Crítica

Quem costuma acompanhar as temporadas de premiações, entre o fim e o início de cada ano, sabe que volta e meia a atriz Tilda Swinton é lembrada. Porém em 2010 ela apareceu em uma produção italiana, o que causou surpresa. Mas nada comparado ao impacto que assistir de fato Um Sonho de Amor provoca! Este é um filme que conquista aos poucos, pelos detalhes, e vai nos arrebatando de tal forma que nem nos damos conta, e quando percebemos estamos tão entranhados na trama e nos sentimentos expostos quanto os próprios personagens, perdidos entre emoções, desilusões e vontades. Uma obra que cala fundo, e cada um saberá admirá-la de uma maneira única e especial.

Uma imponente e abastada família italiana passa por um delicado processo: escolher o sucessor que irá comandar a fábrica aberta pelo avô. As apostas estão todas no filho, mas o neto predileto também possui muitas chances. Apesar destas serem questões entre os homens, percebe-se de imediato que esta, assim como a sociedade italiana como um todo, é uma organização matriarcal. São elas que decidem. Estão nelas os desejos, anseios, medos e acertos. Delas vem os conselhos, os acordos e as soluções. E dessa vez não será diferente.

Emma, a personagem de Swinton, é a força que veio de fora e na qual toda família se sustenta. De origem russa, abandonou inclusive o próprio nome original para se inserir no seio dessa prestigiosa organização. Mas ela não é a única estranha. Aos poucos, outros elementos vão se destacando, como a filha que não aceita pacificamente o destino que lhe é imposto pelos mais velhos e, por isso, decide abandonar o país para se encontrar.

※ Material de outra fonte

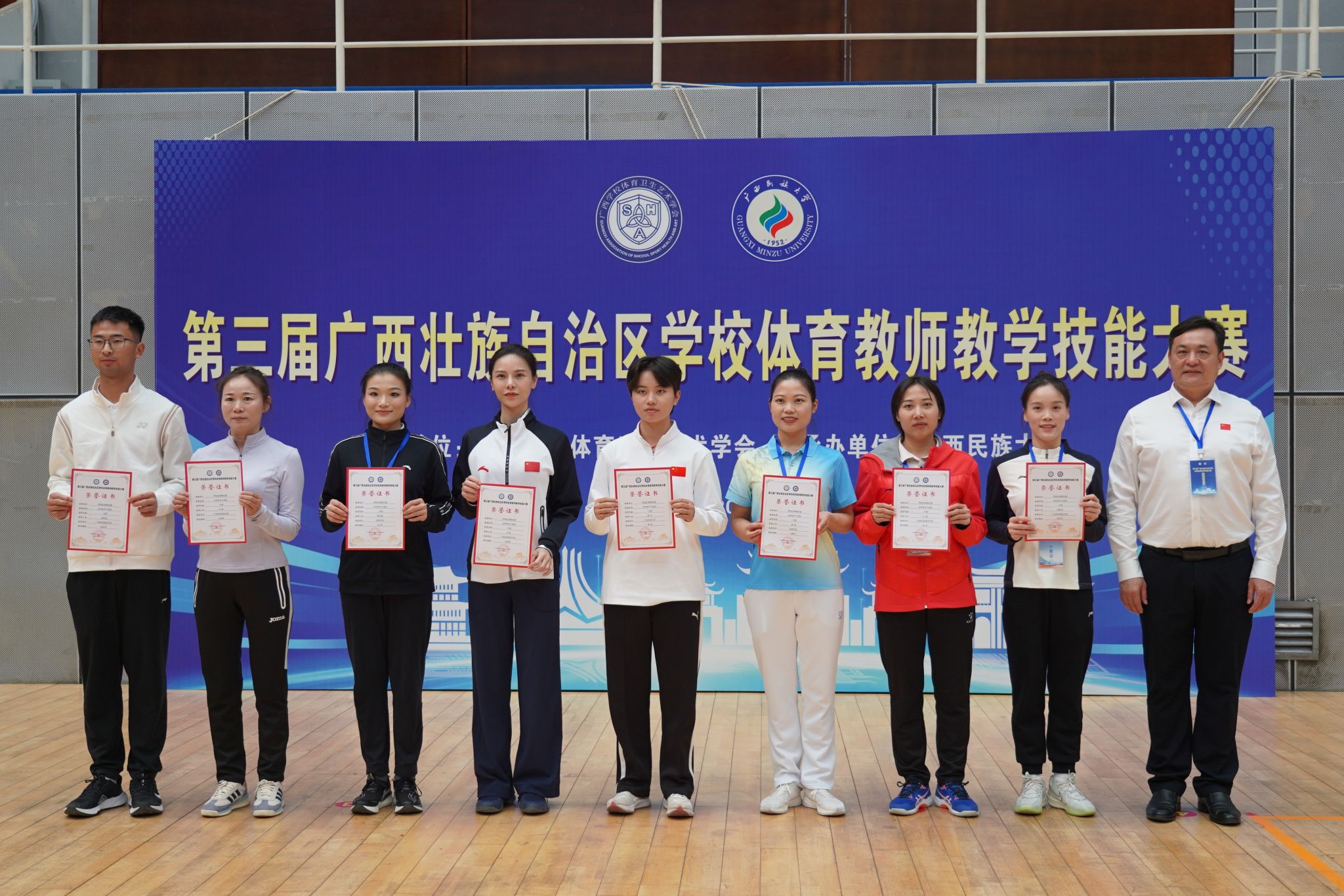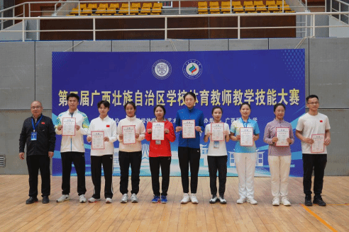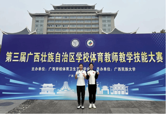 近日,我校通識教育學院體育教師團隊在第三屆廣西壯族自治區學校體育教師教學技能大賽中憑借扎實的教學基本功、先進的教學理念以及出色的現場表現,在眾多參賽選手中脫穎而出,取得了優異成績。其中,王秀美老師榮獲高職高專組術科綜合技能一等獎,丘文婷老師榮獲高職高專組術科綜合技能二等獎。

E como o melhor amigo do irmão mais velho. Ele surge aos poucos, primeiro como rival, depois como companheiro, para enfim se assumir como elo de ligação entre os mais frágeis. Justamente aqueles que deveriam servir de apoio aos demais. E se essa intimidade os levará a decisões inesperadas, o pior é que elas os guiarão por caminhos que não oferecem retornos. A tragédia, tão característica entre os latinos, não tardará em se manifestar, e nada mais será como antes.

Tilda Swinton é a atriz perfeita para esse tipo de personagem. De aparência gélida e frígida, e capaz de acender vulcões quando lhe é exigido. Ela se sai bem como a Feiticeira Branca de As Crônicas de Nárnia ou como o Anjo de Constantine, mas se encontra mesmo em obras menores como o histórico Orlando, A Mulher Imortal, o drama familiar Até o Fim ou o irônico Queime Depois de Ler. Vencedora do Oscar pelo thriller Conduta de Risco, ela revela aqui outra faceta, combinando sexo e autoridade, que passeia pelo pecado sem olhar para trás. É também uma conquista da atriz, que oferece ao seu público uma interpretação primorosa.

Um Sonho de Amor tem como maior problema o absurdo título brasileiro, que pouco tem a ver com a história. Io Sono L’Amore, ou o internacional I Am Love, refletem o que estes personagem buscam: eu sou o amor, eu busco o amor, eu quero não ter, mas, sim, ser o amor, em toda a sua forma e alcance. Indicado ao Oscar na categoria de Melhor Figurino e ao Globo de Ouro e ao Bafta – o Oscar inglês – como Melhor Filme Estrangeiro, é um longa para ser sentido, sobre todas as coisas. Uma história de amor entre um homem e uma mulher, entre pais e filhos, entre seres iguais e, ao mesmo tempo, distantes. O reconhecimento é mútuo entre todos, e o que os torna iguais é o amor. E aqui ele abunda em todas as suas formas, e em todas as direções, dentro e fora da tela.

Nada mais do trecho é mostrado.